Hello. I am a grammar nerd. It’s been a day since my last confession. Quite how I became one beats me, since the school I attended when it was important didn’t do Latin. By the time I got to a school that did, it was too late. I did start it at an evening class, but got so distracted by my weird teacher’s sellotaped glasses it didn’t really take. Never studied Greek. (Married a man who did both – now what does that say? Am I part-Borg, trying to assimilate what I failed to develop?)
There’s a Twitter account called @YourinAmerica. It has over thirteen thousand followers yet has only (on 28th November 2012) tweeted 71 times. Only Salman Rushdie and Pippa’s bottom tribute account outperformed that. It pounces on a single grammar mistake: where “your” is typed instead of “you’re”. Brilliantly, it targets those tweeters who themselves ridicule non-native English-speakers. It combines perfect grammar with an anti-racist agenda, and publicizes pompous ignorance to amuse us all. Yes of course I’ve followed it. It makes me laugh and feel smug at the same time. Win win.
But I worry. Is my grammar addiction only schadenfreude? I shout at the radio, probably more than I should. (Is there a right amount to shout at the radio? That’s another thing I worry about. About which I worry. DO YOU SEE THE MADNESS THIS BRINGS?) Educated, middle-class people, whose (not who’s) job it is to use words correctly, say things like “different to”. All the time. I then shout “FROM”, like a thesaurus with Tourette’s. Nine out of ten times you hear “less”, they mean “fewer”. Don’t get me started on “due” versus “owing”. Nadine Dorries recently returned from the jungle claiming some MPs were jealous of her. No, Nadine. They were not. You meant envious, but they weren’t that either, you delusional woman.

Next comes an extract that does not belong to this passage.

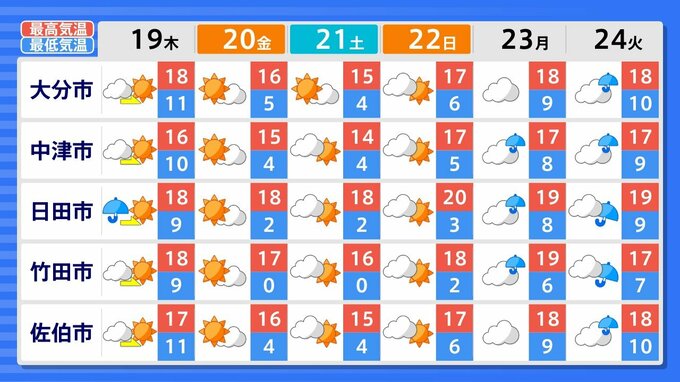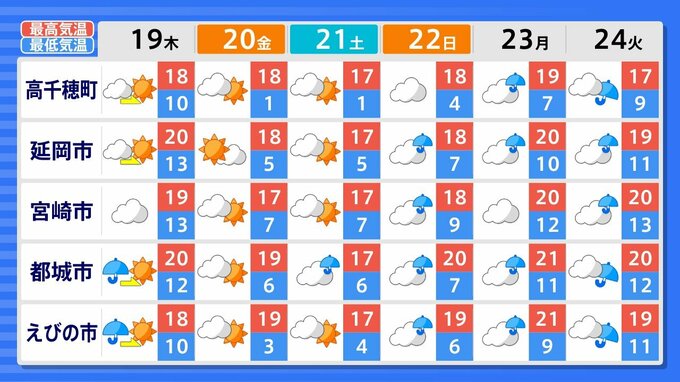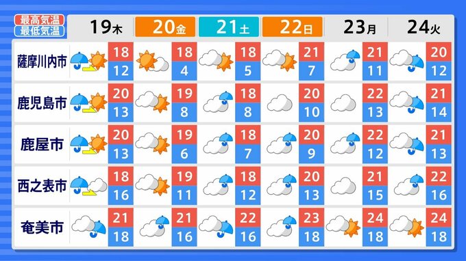 宮崎、鹿児島は、19日から24日にかけて曇りや雨の日が多くなりそうです。
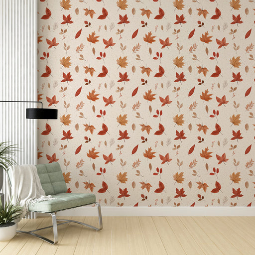 WonderMuralLöydä Tapetti, jonka suunnittelu on inspiroitu luonnosta, ja siinä on herkkä kuvio syksyn lehdistä punaisen, ruskean ja beige sävyissä. Vaalea taus...

Grammar is probably the main thing that keeps my low blood pressure up to safe levels. I hoard this anger, knowing it stops me keeling over at awkward moments.
I make exceptions. Songs, for instance. Lyricists have always shoehorned in illegal lines to placate the gods of Rhyme or Rhythm. Nina Simone’s My Baby Just Cares For Me lists a whole load of things for which he “don’t” care. But what the hell. It’s a different register (that word again – I mentioned it before).
Does it really matter? I now try to keep my picky corrections to myself, or at least shout them to an empty room and a radio, or within earshot of my children. It’s all education. I see people hound innocent typos and unimportant mistakes on Twitter purely for the satisfaction of embarrassing their victim. They don’t want to help. If you do, there is always a DM. Do it continually (not continuously – I know, I know: I’m getting help for this) and you’ll be known as a sniping humour-lacuna, and wonder why people clam up.
I’m not saying that grammar isn’t important: words are hugely important. The wider your vocabulary, the closer you can sculpt your speech bubble around that amorphous blob of an idea you’re trying to communicate. What is important is getting your reader (or listener) to grasp what you mean. At once. Without having to ask for clarification. That is the delight of picking just the right word: it saves time. But without getting all Derrida and semiotic on you, what people say is always more important than how they say it. Only a snob would miss hearing someone yelling for them to get out of the way of a train because they were correcting the yeller’s grammar. But then they would be a dead snob. I’m not saying they deserved it.
A lot of the time now, I can breeze over grammatical bloopers, slipping past them to what the person meant. It’s a simultaneous translation thing. I reserve my ire for those people – like the tweeters attracting the Your in America bot – who demand competence yet deliver mistakes. They deserve all our immature finger-pointing. They live in such shiny glass houses it is impossible to resist pointing out the holes they make with their petty stones.